WHAT TO PRODUCE = Give back exactly the lines of the data below, starting with the line that has "Black & White" and going on through the line that has "These kids read".

MATERIAL FOR THIS TASK =
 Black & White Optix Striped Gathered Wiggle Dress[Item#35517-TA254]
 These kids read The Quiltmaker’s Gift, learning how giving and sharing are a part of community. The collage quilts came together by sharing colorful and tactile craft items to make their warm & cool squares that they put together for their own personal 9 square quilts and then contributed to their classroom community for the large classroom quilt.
---
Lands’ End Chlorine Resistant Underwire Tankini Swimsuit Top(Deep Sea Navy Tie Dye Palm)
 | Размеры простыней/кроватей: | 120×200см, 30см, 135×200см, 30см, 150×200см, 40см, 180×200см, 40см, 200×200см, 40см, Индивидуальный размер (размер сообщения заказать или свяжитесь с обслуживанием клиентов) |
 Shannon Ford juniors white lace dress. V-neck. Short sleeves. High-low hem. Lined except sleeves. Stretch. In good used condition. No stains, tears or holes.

THE ANSWER =
 Black & White Optix Striped Gathered Wiggle Dress[Item#35517-TA254]
 These kids read The Quiltmaker’s Gift, learning how giving and sharing are a part of community. The collage quilts came together by sharing colorful and tactile craft items to make their warm & cool squares that they put together for their own personal 9 square quilts and then contributed to their classroom community for the large classroom quilt.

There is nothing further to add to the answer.